# Trash Compactors



## Helmut (May 7, 2014)

Does anyone have experience in the controls and safety aspects of these?









Pretty straight forward, except the key isn't a "spring return" type as I would have thought. This way the operator has to have the key turned, in order for the compactor to operate. 

This is not. Turn the key, press the forward button and walk away.

The insurance company spotted this, and wants it fixed. Said someone can jump into the compactor while it was running. The inlet chute has a 48" high rail around it, with a gate that opens in the front. This gate must be closed in order for the compactor to operate.

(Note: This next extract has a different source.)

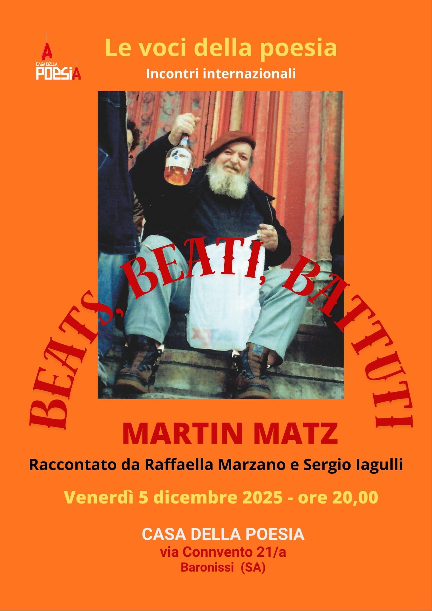 Venerdì 5 dicembre 2025, alle ore 20,00 a Casa della poesia (via Convento,73, Baronissi) racconteremo il poeta beat Martin Matz, presente nei primi grandi progetti di Casa della poesia. Nella collana “Tracce” Multimedia Edizioni ha pubblicato due straordinari libri di un protagonista, per anni dimenticato, della beat generation: Martin Matz. Opere visionarie con eleganti sequenze di immagini che si ispiravano ad un surrealismo realizzato attraverso l’uso di sostanze allucinogene. Le traduzioni sono di Raffaella Marzano. La collana “Tracce” documenta il passaggio di grandi nomi della poesia internazionale nei progetti di Casa della poesia e finanzia la sua r/esistenza attraverso la vendita di questi volumi (a colori e con artworks).

Should the key switch be changed to spring return?


----------



## daveEM (Nov 18, 2012)

Of course. That way the operator is there supervising the compacting process.


----------



## AK_sparky (Aug 13, 2013)

I've never done any trash compactors. Similar equipment we've wired so that the FWD/REV button needs to be held, the key switch would stay the way it is. You still get the desired "operator-present" functionality.


----------



## macmikeman (Jan 23, 2007)

If somebody want's to jump into a trash compactor, they sorta ought'a be allowed to.


----------



## wildleg (Apr 12, 2009)

yes .


----------



## daveEM (Nov 18, 2012)

So messy tho.


----------



## telsa (May 22, 2015)

macmikeman said:


> If somebody want's to jump into a trash compactor, they sorta ought'a be allowed to.


That's tight. :notworthy:


----------



## MikeFL (Apr 16, 2016)

The key switch does not operate the compactor. It only enables one to operate it.


----------



## AK_sparky (Aug 13, 2013)

MikeFL said:


> The key switch does not operate the compactor. It only enables one to operate it.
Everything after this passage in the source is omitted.